===== EXTRACTED DATA
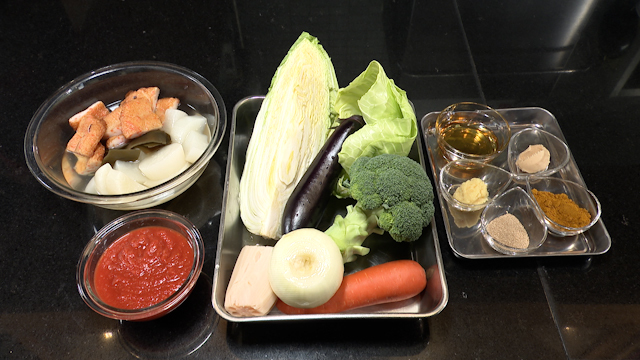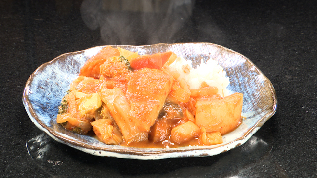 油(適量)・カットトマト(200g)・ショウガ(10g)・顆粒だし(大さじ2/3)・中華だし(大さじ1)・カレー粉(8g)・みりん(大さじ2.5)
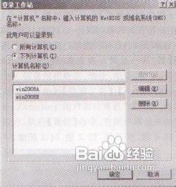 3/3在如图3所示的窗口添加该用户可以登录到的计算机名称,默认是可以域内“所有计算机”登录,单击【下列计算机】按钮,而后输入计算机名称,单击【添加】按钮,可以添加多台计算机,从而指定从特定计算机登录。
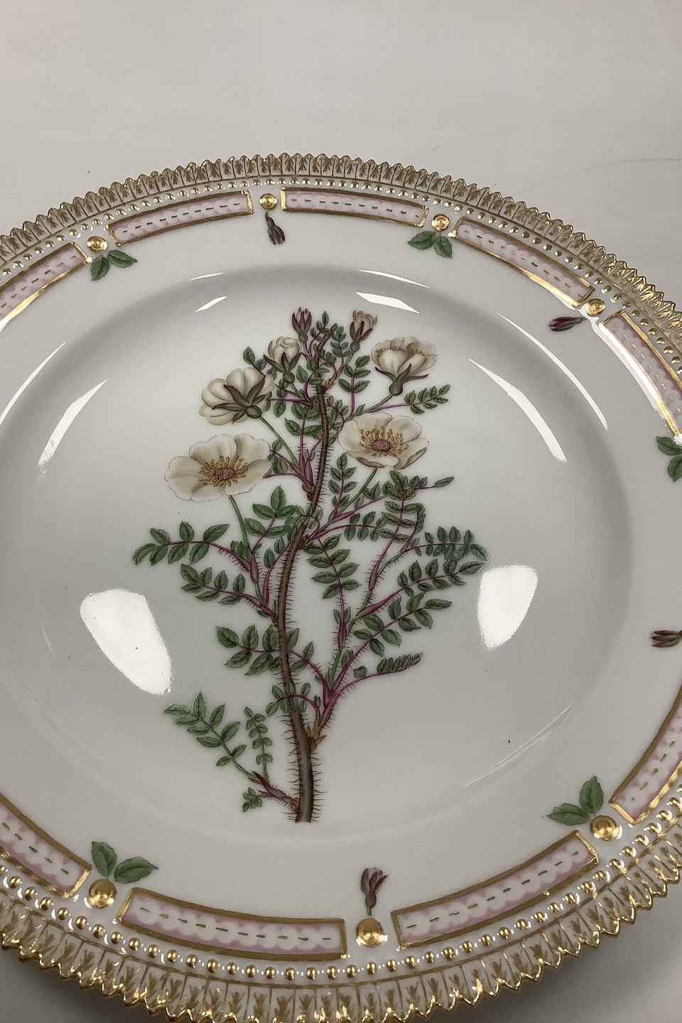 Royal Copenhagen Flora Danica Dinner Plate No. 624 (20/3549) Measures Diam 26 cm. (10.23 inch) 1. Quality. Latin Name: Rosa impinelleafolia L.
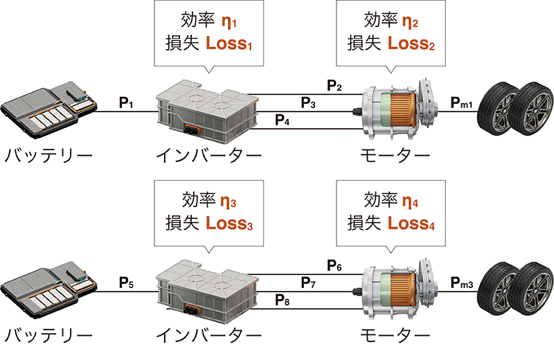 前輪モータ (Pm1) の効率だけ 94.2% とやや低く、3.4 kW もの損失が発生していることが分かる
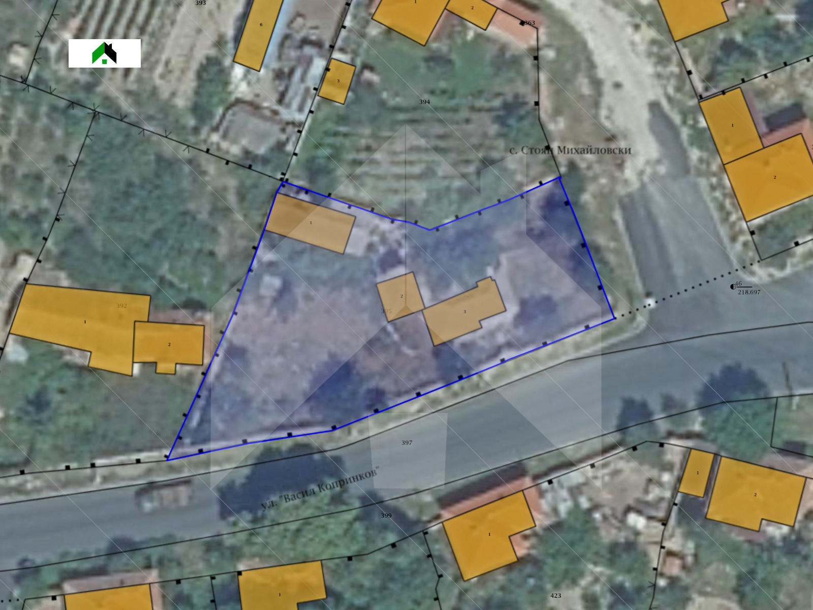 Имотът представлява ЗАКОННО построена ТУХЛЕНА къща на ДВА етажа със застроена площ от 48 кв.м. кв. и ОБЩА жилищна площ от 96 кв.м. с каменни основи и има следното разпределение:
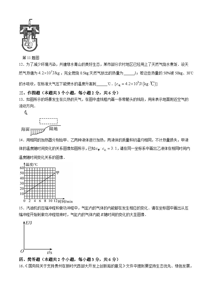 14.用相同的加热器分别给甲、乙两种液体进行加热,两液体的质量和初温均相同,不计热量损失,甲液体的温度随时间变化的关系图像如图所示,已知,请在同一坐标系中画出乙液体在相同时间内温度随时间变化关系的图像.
==========
===== EXTRACTED DATA
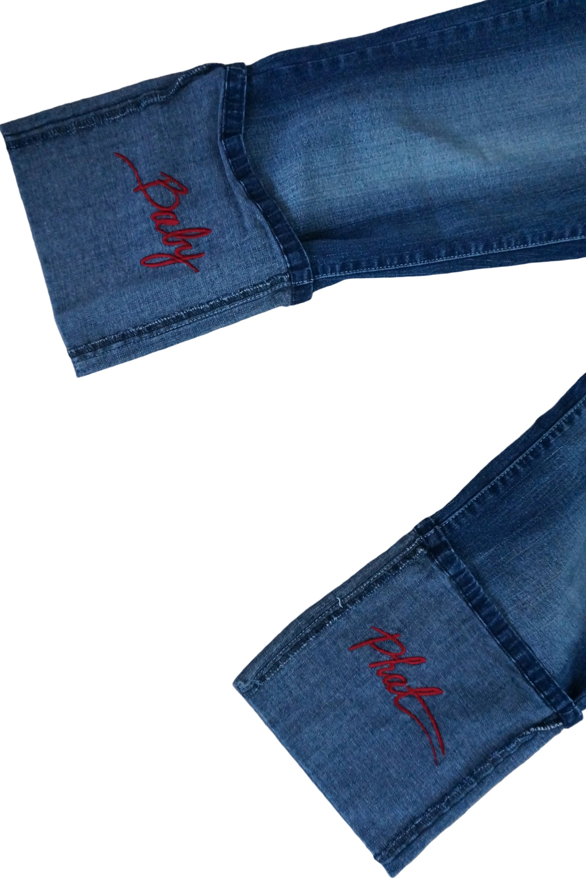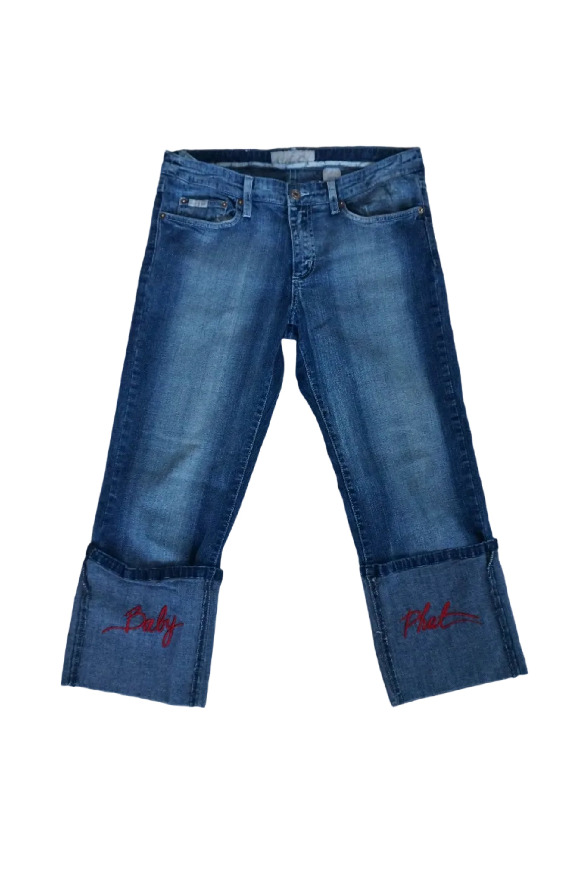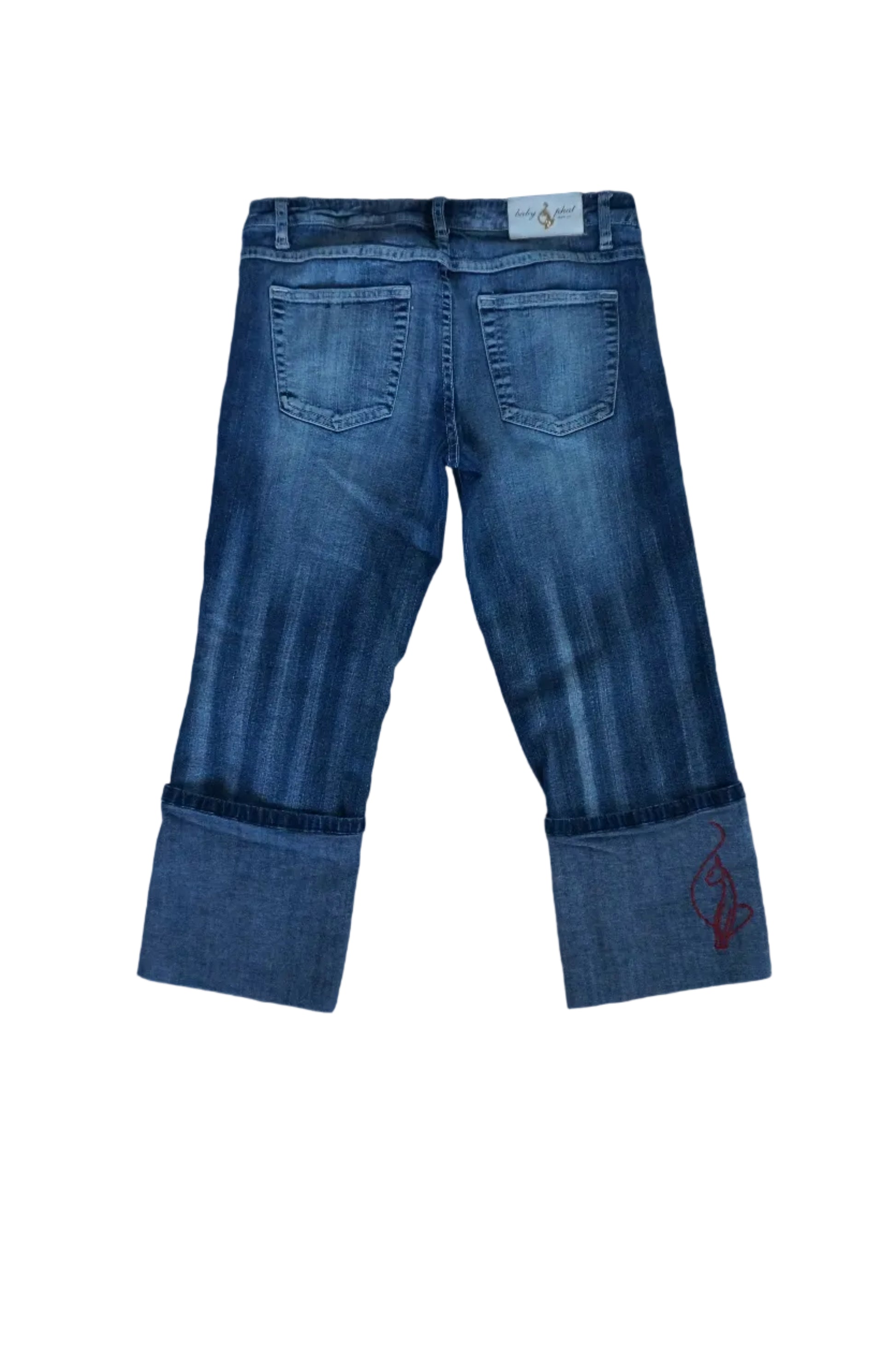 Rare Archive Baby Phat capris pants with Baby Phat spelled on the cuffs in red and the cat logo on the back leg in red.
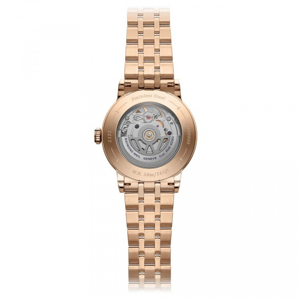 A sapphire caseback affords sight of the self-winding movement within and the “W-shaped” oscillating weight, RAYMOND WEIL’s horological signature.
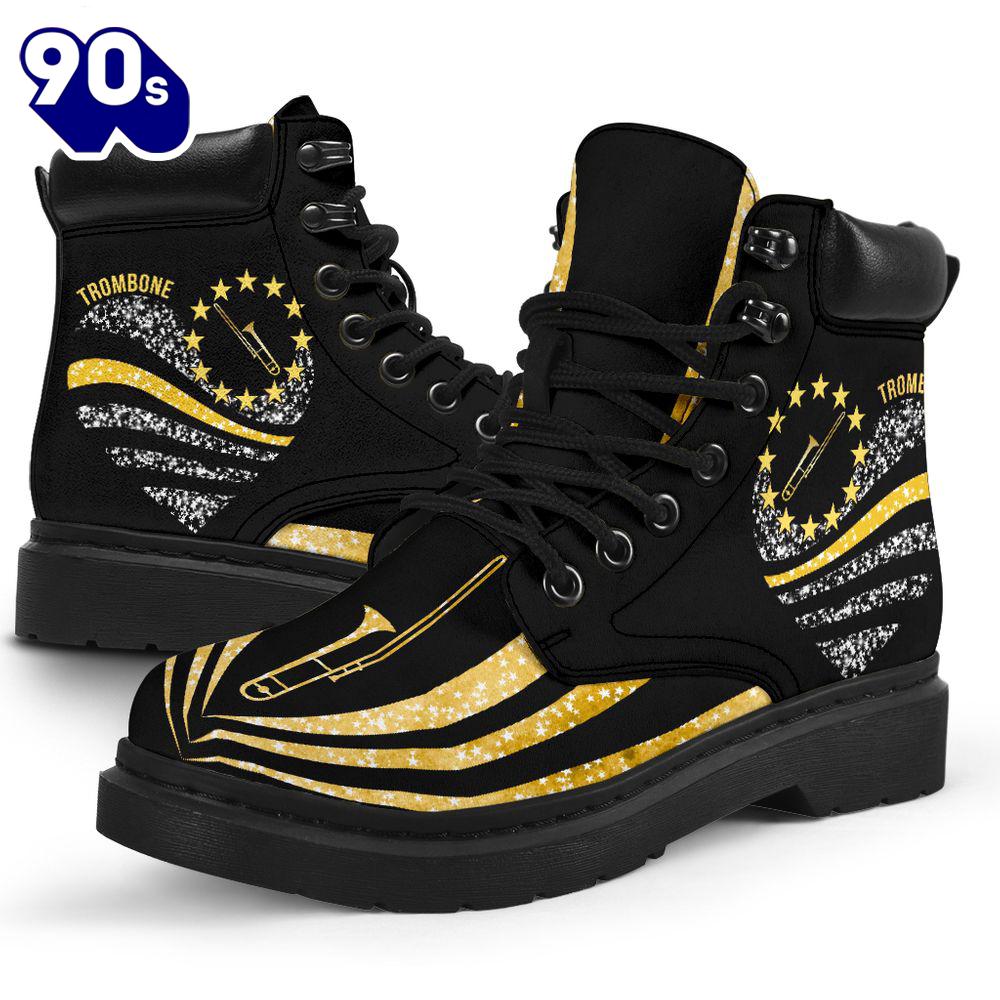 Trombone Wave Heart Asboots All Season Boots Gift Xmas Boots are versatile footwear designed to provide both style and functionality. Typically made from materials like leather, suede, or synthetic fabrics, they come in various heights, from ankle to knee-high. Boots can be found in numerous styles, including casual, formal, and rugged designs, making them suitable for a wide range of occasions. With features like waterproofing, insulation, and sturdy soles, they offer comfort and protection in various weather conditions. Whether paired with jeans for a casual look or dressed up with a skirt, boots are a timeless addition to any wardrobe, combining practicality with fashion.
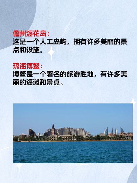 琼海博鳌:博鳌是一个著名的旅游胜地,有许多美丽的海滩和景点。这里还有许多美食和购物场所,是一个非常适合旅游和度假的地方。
==========
_TRY IT_.
Looking above, find the stretch of lines that opens with the one holding "3/3在如图3所示的窗口添加" and closes with the one holding "Royal Copenhagen Flora". Copy it exactly, pictures excluded.

_RESPONSE AREA_.
 3/3在如图3所示的窗口添加该用户可以登录到的计算机名称,默认是可以域内“所有计算机”登录,单击【下列计算机】按钮,而后输入计算机名称,单击【添加】按钮,可以添加多台计算机,从而指定从特定计算机登录。
 Royal Copenhagen Flora Danica Dinner Plate No. 624 (20/3549) Measures Diam 26 cm. (10.23 inch) 1. Quality. Latin Name: Rosa impinelleafolia L.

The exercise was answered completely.